The service wasn't down. That was the problem. If it had fallen over we'd have noticed in minutes. Instead it just got slower, a little each week, in the patient way that nobody pages you for, until one afternoon a routine page load took eleven seconds and somebody finally said something out loud.
This is the story of one query that was quietly killing us, and it's a familiar one: a thing that was completely fine at launch and became a liability only because the data underneath it grew while nobody was watching.
Slow is harder than broken
A crash has a timestamp. You bisect, you find the deploy, you roll back, you go home. A gradual slowdown has none of that. There's no single commit to blame, because the code didn't change. The data did. The query that ran in two milliseconds against ten thousand rows runs in two seconds against ten million, and the line in between is so gentle that no alert ever fires.
Our dashboards were averages, which is its own crime. Average response time looked merely "a bit worse". It was the p99 that was on fire, and a small slice of requests, the ones that happened to hit the worst case, were taking long enough to tie up connection pool slots and drag everything else down with them. Averages hide exactly the tail that hurts you.
Finding it
The first useful move was to stop looking at application metrics and ask the database directly. Postgres will happily tell you where the time is going if you turn on pg_stat_statements and sort by total time:
SELECT
substring(query, 1, 60) AS query,
calls,
mean_exec_time,
total_exec_time
FROM pg_stat_statements
ORDER BY total_exec_time DESC
LIMIT 10;
One row dwarfed the rest. A lookup on an events table, called constantly, with a mean execution time that had crept into the hundreds of milliseconds. Calls times mean time, and it was eating the database alive, one harmless little query at a time.
Then EXPLAIN ANALYZE, which is the moment of truth:
Seq Scan on events (cost=0.00..245831.18 rows=1 width=84)
(actual time=412.331..1180.992 rows=1 loops=1)
Filter: (account_id = 41982 AND status = 'pending')
Rows Removed by Filter: 9883402
There it is. Seq Scan, and "Rows Removed by Filter: 9,883,402". To find a handful of pending events for one account, Postgres was reading the entire table and throwing nearly ten million rows away every single time. At launch the table had a few thousand rows and a sequential scan was instant, so nobody added an index, because why would you. The table grew. The scan didn't get an alert. It just got slower.

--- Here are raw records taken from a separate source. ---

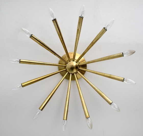 Lampada da parete di Angelo Lelli per Arredoluce. Disegnata e prodotta in Italia, circa anni '50. In ottone. Possiamo inserire riduttori per lampadine USA, lampade E14 attuali.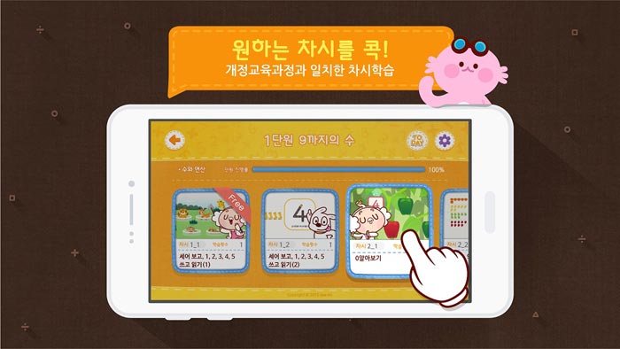 ... 아이들이 좋아하는 친근한 캐릭터들이 등장해 수학 개념을 애니매이션 방식으로 쉽고 재미있게 알려줘 몰입도가 높은 게 개념똑똑의 장점이다. 초등학생들은 개념똑똑을 한번만 다운로드 하면 집, 자동차 안, 식당 등 시간과 장소의 제약 없이 어떤 환경에서도 초등 정규 수학 개념을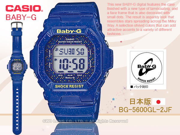 BG-5600GL-2JF CASIO BABY-G 日版 閃耀星空電子女錶 橡膠錶帶 藍 防水100米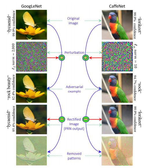 尽管深度学习在很多计算机视觉领域的任务上表现出色,Szegedy et al. [22] 第一次发现了深度神经网络在图像分类领域存在有意思的弱点。他们证明尽管有很高的正确率,现代深度网络是非常容易受到对抗样本的攻击的。这些对抗样本仅有很轻微的扰动,以至于人类视觉系统无法察觉这种扰动(图片看起来几乎一样)。这样的攻击会导致神经网络完全改变它对图片的分类。此外,同样的图片扰动可以欺骗好多网络分类器。这类现象的深远意义吸引了好多研究员在对抗攻击和深度学习安全性领域的研究。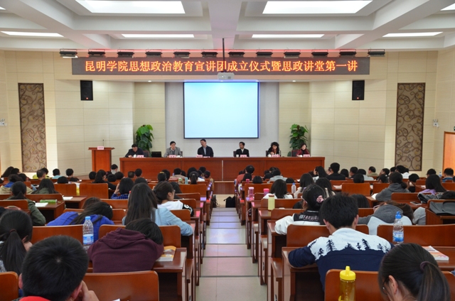 成立仪式由学校党委副书记孙勇主持。首先宣读了《关于成立beat365官方网站思想政治教育宣讲团的通知》。beat365官方网站思想政治教育宣讲团团长由孙勇兼任,副团长由董学荣、王建华、何杰、王荔兼任,宣讲团成员由杨璐、王宁、杨岚、王德斌、杨光明、马宁、苟园、顾波、吕萍、金鑫、肖磊、蒋怡、缪文武、李杉、耿国平、谭蔚沁、万志红、澜 清、王新红、罗维萍、白蕊、廖俊、曾涌、宋娜等27位在理论学习、研究、宣讲和大学生思想教育、心理健康教育等方面具有一定专长的干部、专家、学者兼任。每届任期三年,首届宣讲团任期从2015年到2018年。根据工作需要,学校将适时调整补充新成员。宣讲团办公室设在学校党委宣传部,学校党群机关各部门、各党总支、直属党支部为成员单位。宣讲团的主要职责是学习、研究、宣讲中国特色社会主义理论体系、党的路线方针政策、大学生思想政治教育和心理健康教育等。

The fix, and why it wasn't quite the obvious one
The obvious fix is an index, and that's right, but the naive one isn't the best one. An index on account_id alone helps, but the query also filters on status, and the rows we want are a tiny fraction (status = 'pending') of a column that's mostly other values. A partial composite index targets exactly the working set:
CREATE INDEX CONCURRENTLY idx_events_pending
ON events (account_id)
WHERE status = 'pending';
Two things matter here. CONCURRENTLY, so building the index doesn't take a write lock on a live, busy table, it's slower to build but it doesn't take an outage to deploy. And the partial WHERE status = 'pending' clause, which keeps the index small and means it only contains the rows we ever actually look for. The index is a fraction of the size of a full one on the same columns, and it stays hot in memory.

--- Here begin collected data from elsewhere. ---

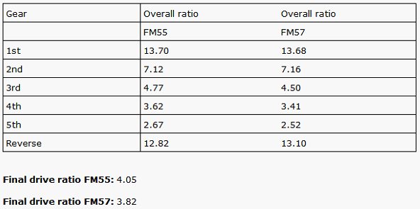 Poniżej mamy zestawienie wariantów FM55/57 i ich przełożeń wyciągnięte z WIS: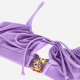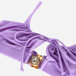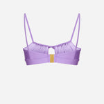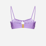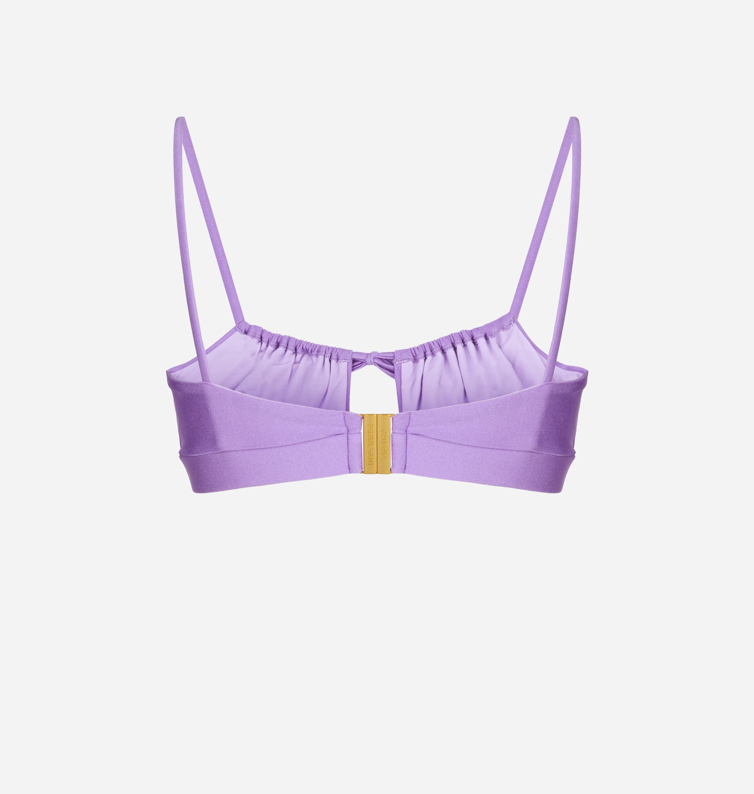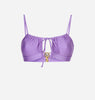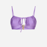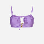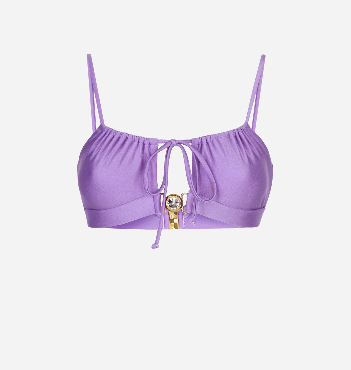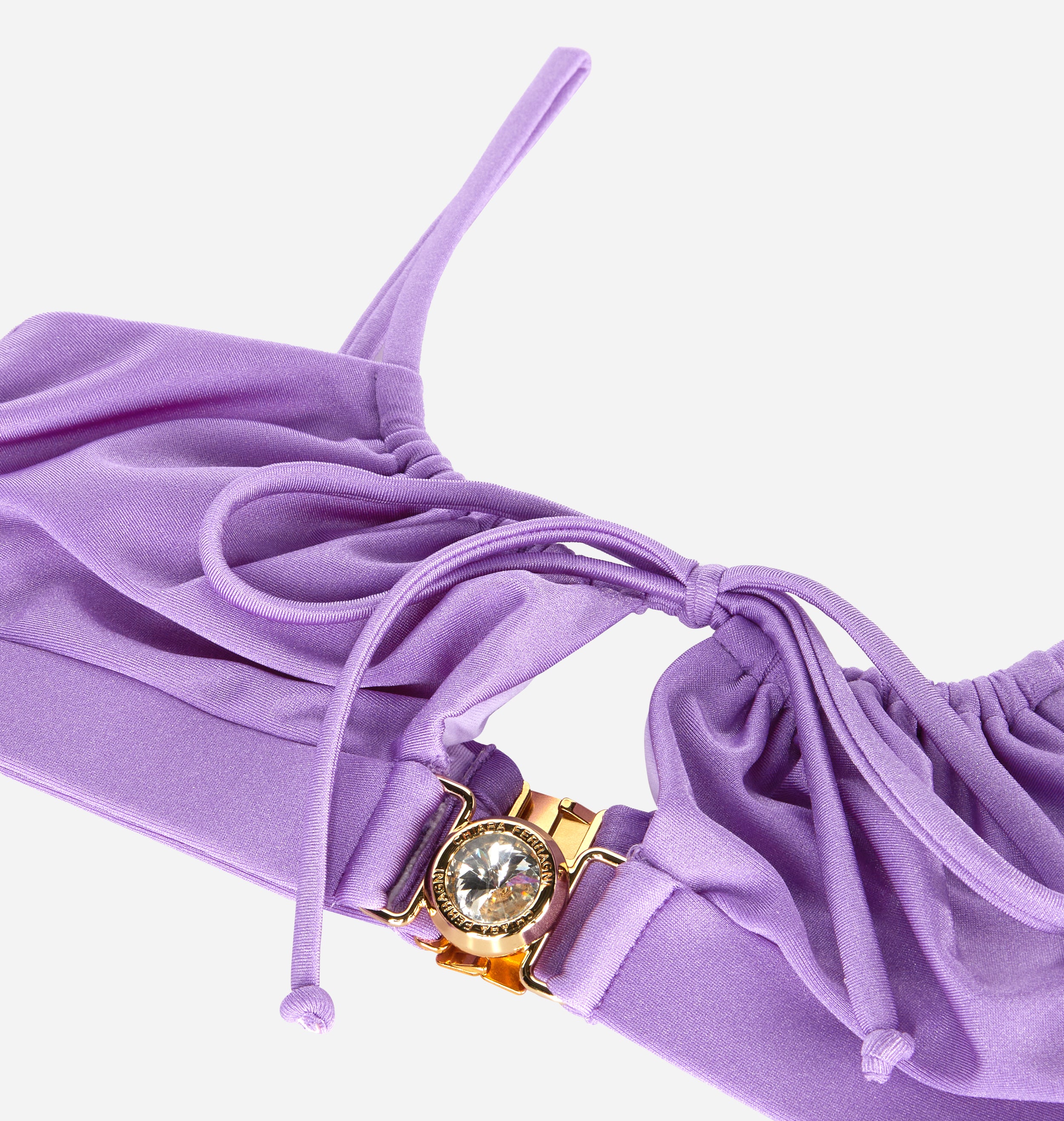 Top bikini lilla, modello a fascia morbido con laccetti e dettaglio dorato con maxi strass.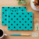 A polka dot pattern in teal and black with a monogram initial letter that can be personalized.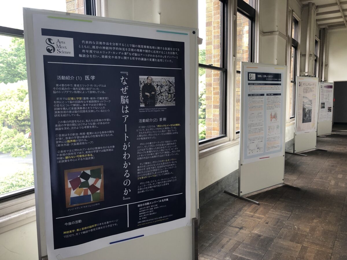 芸術と科学という2つの領域は切り離されているのではなく、深いところで重なり合い、私たちの生活を鮮やかに魅せている。AMSSの活動では、片方の分野を専門とする学生がもう一方に強く関心を持ち、学術的に交わることで、予想し得なかったシナジーが生み出されているのだ。AMSS代表の服部さんは、4枚のポスターを背に語る。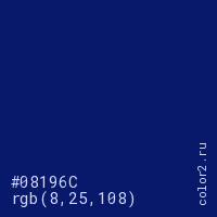 Цвет #08196C в цветовой модели RGB обозначается тремя октетами (8, 25, 108) в десятичном формате и #08196C в шестнадцатиричном (hex) формате, которые являются интенсивностью красного 8 (hex 08), интенсивность зелёного 25 (hex 19) и интенсивность синего 108 (hex 6C).

After it landed the EXPLAIN changed to an Index Scan, the query dropped from over a second to well under a millisecond, and the p99 on the whole service fell off a cliff in the good direction. The eleven-second page load went back to feeling instant.
What I actually took from it
The fix took ten minutes. Noticing took two years, and that's the real lesson.
A few things I've changed since:
- Alert on p99, not averages. The average was lying to us the entire time; the pain was always in the tail.
- Keep
pg_stat_statementson everywhere. It costs almost nothing and it is the first place I look now, before I touch a single line of application code. - Treat "fine at current scale" as a dated statement. Every query that does a sequential scan is a time bomb with a fuse the length of your data growth. It was fine. The word doing the work in that sentence is "was".
None of this is clever. The query was simple, the fix was a one-liner, and any of us would have spotted the missing index in review if the table had been large on day one. It wasn't, and that's the trap. The slow disasters are the ones that were genuinely correct when you wrote them and only became wrong while you weren't looking.